Endocrine Abstracts (2003) 6 P69

REDUCED EXPRESSION OF 11BETA-HYDROXYSTEROID-DEHYDROGENASE TYPE 2 IN KIDNEY BIOPSIES OF PATIENTS WITH RENAL FAILURE

M Quinkler1, D Zehnder2, J Lepenies2, S Hughes1, COS Savage2, M Hewison1 & PM Stewart1


1Division of Medical Sciences, University of Birmingham, Queen Elizabeth Hospital, Edgbaston, Birmingham, B15 2TH, UK; 2Department of Nephrology, University of Birmingham, Queen Elizabeth Hospital, Edgbaston, B15 2TH, UK.


The role of 11beta-HSD2 is to provide selective access of aldosterone to the mineralocorticoid receptor by inactivating cortisol. Evidence suggests impaired 11beta-HSD2 activity in some patients with hypertension but also in patients with renal disease where it may contribute to sodium retention, oedema and hypertension. To date these studies have relied upon urinary cortisol metabolite analyses as markers of renal 11beta-HSD2 activity.

We have directly analysed renal 11beta-HSD2 expression in a large number of patients (n=102) undergoing kidney biopsy because of underlying renal disease. 11beta-HSD2 mRNA levels were quantified using TaqMan real-time PCR with 18S as housekeeping gene. Serum and 24h-urine samples were used to document underlying renal function and endocrine parameters.

11beta-HSD2 mRNA expression was significantly higher (p<0.01) in renal biopsies from female (n=47, mean-dCT 11.66 plus/minus SD 2.67) compared to males (n=55, dCT 13.32 plus/minus 2.95). 11beta-HSD2 expression did not correlate with blood pressure, or urinary Na/K ratio in the group as a whole but a marked positive correlation with creatinine clearance was observed (p=<0.01). No significant difference in 11beta-HSD2 expression was found between groups with no albuminuria (<30mg/24h, n=28, dCT 11.95 plus/minus 2.32), microalbuminuria (30-300mg/24h, n=31, dCT 12.71 plus/minus 3.01), moderate (300mg-2g/24h, n=18, dCT 12.41 plus/minus 2.35) and severe albuminuria (>2g/24h, n=15, dCT 12.73 plus/minus 3.72). Patients with hypertension (n=47; mean-arterial-pressure(MAP) 100.8 plus/minus 10.3mmHg, dCT 12.66 plus/minus 2.7) showed no significant difference in 11beta-HSD2 expression to patients without hypertension (n=55, MAP 90.3 plus/minus 12.0mmHg, dCT 12.21 plus/minus 2.88).

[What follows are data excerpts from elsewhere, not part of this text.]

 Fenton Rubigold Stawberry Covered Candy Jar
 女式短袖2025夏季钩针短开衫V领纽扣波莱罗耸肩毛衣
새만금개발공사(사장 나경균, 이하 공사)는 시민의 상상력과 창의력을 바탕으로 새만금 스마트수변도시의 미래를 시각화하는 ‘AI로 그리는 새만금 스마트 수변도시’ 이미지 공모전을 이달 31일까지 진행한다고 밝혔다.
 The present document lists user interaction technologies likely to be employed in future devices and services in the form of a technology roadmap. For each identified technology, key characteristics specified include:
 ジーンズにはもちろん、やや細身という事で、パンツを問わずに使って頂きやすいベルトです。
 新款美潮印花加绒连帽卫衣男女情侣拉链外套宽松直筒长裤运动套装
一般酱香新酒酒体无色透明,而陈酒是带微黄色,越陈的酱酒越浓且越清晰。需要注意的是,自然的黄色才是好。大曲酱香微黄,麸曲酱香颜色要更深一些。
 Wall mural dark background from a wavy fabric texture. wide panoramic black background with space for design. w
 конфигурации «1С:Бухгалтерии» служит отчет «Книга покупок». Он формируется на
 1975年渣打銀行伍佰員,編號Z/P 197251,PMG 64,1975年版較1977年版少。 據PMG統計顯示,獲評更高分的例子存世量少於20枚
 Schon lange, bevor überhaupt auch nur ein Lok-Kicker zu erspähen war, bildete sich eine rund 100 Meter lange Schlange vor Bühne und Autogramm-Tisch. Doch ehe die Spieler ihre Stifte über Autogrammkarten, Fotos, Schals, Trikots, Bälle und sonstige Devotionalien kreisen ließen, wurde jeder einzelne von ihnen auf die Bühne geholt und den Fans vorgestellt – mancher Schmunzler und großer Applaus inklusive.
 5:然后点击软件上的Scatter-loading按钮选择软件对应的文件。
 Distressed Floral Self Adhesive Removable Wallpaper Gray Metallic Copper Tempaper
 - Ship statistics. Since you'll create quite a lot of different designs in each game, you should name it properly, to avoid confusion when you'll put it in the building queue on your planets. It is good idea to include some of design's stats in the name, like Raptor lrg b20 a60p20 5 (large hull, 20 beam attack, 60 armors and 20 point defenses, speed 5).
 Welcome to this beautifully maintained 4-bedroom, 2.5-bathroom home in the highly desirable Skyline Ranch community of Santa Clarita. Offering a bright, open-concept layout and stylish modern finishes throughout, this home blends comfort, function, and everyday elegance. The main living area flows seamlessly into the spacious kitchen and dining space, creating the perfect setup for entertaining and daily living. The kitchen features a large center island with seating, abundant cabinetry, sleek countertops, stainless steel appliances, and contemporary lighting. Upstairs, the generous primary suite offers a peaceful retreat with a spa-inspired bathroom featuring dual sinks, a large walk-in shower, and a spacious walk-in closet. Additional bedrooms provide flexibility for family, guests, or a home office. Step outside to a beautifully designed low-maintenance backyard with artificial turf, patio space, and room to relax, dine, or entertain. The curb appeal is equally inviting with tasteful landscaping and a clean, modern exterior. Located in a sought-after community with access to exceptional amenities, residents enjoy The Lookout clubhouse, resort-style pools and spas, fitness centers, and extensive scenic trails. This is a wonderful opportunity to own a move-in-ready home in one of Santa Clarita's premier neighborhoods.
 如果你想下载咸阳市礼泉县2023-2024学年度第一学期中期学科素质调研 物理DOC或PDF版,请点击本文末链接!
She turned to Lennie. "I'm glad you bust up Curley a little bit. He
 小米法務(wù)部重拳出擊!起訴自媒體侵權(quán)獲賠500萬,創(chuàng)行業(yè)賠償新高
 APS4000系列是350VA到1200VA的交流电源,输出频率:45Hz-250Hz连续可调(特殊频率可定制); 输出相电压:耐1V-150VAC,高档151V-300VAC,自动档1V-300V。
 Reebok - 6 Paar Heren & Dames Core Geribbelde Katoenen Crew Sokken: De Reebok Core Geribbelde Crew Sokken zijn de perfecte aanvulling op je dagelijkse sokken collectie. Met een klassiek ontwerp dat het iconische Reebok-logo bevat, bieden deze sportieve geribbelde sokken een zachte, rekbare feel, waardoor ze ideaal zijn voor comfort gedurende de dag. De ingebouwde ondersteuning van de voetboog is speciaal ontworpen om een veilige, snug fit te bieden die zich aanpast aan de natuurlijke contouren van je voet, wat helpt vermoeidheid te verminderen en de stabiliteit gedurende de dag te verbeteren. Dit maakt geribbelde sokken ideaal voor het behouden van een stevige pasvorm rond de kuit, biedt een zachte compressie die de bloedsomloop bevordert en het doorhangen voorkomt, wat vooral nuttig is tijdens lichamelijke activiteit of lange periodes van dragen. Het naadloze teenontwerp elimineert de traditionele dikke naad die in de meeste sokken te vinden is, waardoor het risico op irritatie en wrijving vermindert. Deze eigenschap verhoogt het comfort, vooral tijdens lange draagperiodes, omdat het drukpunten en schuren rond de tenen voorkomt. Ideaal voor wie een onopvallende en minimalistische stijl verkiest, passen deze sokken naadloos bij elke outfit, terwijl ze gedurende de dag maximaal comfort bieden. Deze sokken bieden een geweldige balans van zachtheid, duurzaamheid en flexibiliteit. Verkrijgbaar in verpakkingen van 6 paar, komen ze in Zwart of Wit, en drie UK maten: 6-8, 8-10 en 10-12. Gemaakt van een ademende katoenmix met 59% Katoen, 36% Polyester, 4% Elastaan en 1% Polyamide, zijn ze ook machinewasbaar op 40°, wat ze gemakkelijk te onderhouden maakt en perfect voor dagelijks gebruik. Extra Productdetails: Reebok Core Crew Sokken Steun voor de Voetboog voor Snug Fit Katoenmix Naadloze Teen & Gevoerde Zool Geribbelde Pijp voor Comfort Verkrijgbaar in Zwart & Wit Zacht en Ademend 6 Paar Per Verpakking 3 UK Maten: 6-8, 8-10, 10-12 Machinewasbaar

For the first time we have documented reduced kidney 11beta-HSD2 expression in patients with renal disease. Our data suggests that this is not influenced by underlying proteinuria or a diagnosis of hypertension but is directly correlated with creatinine clearance. Impaired 11beta-HSD2 expression may contribute to the increased sodium retention seen in patients with impaired renal function.